2022 Black Well-being Final w links for Web 11.29.22 - Flipbook - Page 23
BLACK WELL-BEING REPORT 2022
BLACK FUTURE CO-OP FUND
Increase and enhance civic readiness
Youth have always been catalysts of change, today is no different. And their
feelings about civics are shaped early. Beyond reading, writing, math, and science,
our youth should understand the dynamics of power and how it is expressed
through laws and policy. Formal education is only one way we learn. We want
forums, spaces, and organic opportunities for conversation for and by Black people
to learn about the ideas on which people are acting.
• Prioritize intergenerational dialogue about civics, starting at the
earliest of ages.
• Utilize integrated curricula that connect the “issues” to a person’s
everyday life.
• Rework the curriculum in all educational spaces to include
hands-on, racially attuned learning about how societies are
constructed and shaped.
• Teach the totality of Black history from Black perspectives.

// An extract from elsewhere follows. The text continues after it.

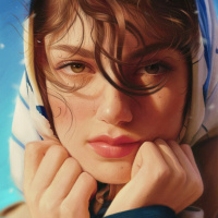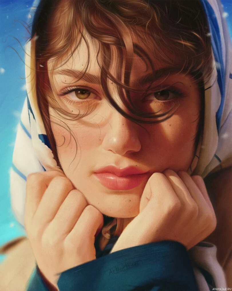 the natural lighting on her face and the presence of what looks like snowflakes falling around her. Her attire includes a scarf or headwear, possibly a bandana or hood that's tied at the neckline, contributing to a casual yet stylish look. The overall tone of the artwork is warm and inviting, with
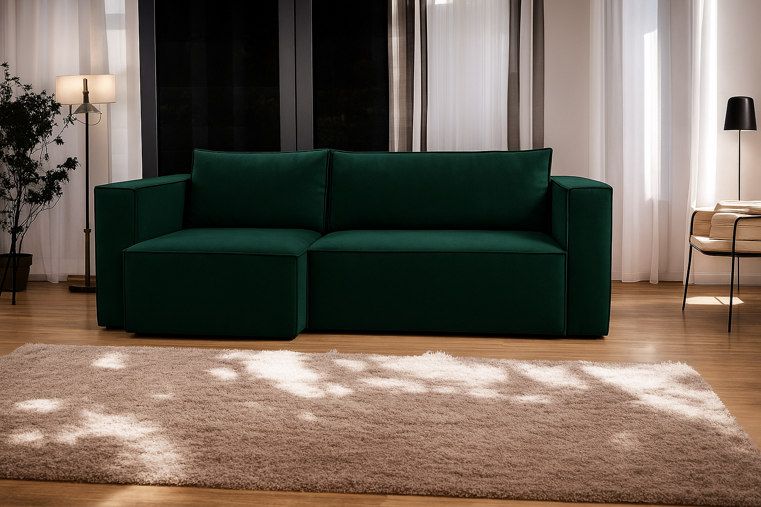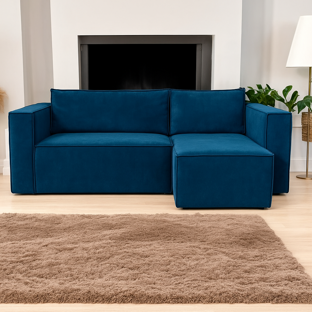 Wprowadź do swojego wnętrza nowoczesny styl i maksymalny komfort dzięki naszej sofie narożnej z funkcją leżanki w eleganckim, głębokim odcieniu granatu. To idealne rozwiązanie dla osób poszukujących funkcjonalnych mebli do salonu, które łączą wygodę, trwałość i estetykę.

• Invest in community-led spaces to discuss politics: places of
worship, schools, dinner parties, community organizations and
centers, and block parties.
Center the arts because they are foundational to civic engagement and
therefore social change
Art is essential to our being. It’s an important way for us to make sense of the
world and express ideas and concepts that have yet to conjure words. It is the
language of evolution and self actualization, bringing together all our senses,
including our intuition. We need the holders and shapers of culture to successfully
move anything strategically.
• Pay Black artists well. On top of already low pay, during the
pandemic, they were hit especially hard.
• Make sure artists retain rights to their work.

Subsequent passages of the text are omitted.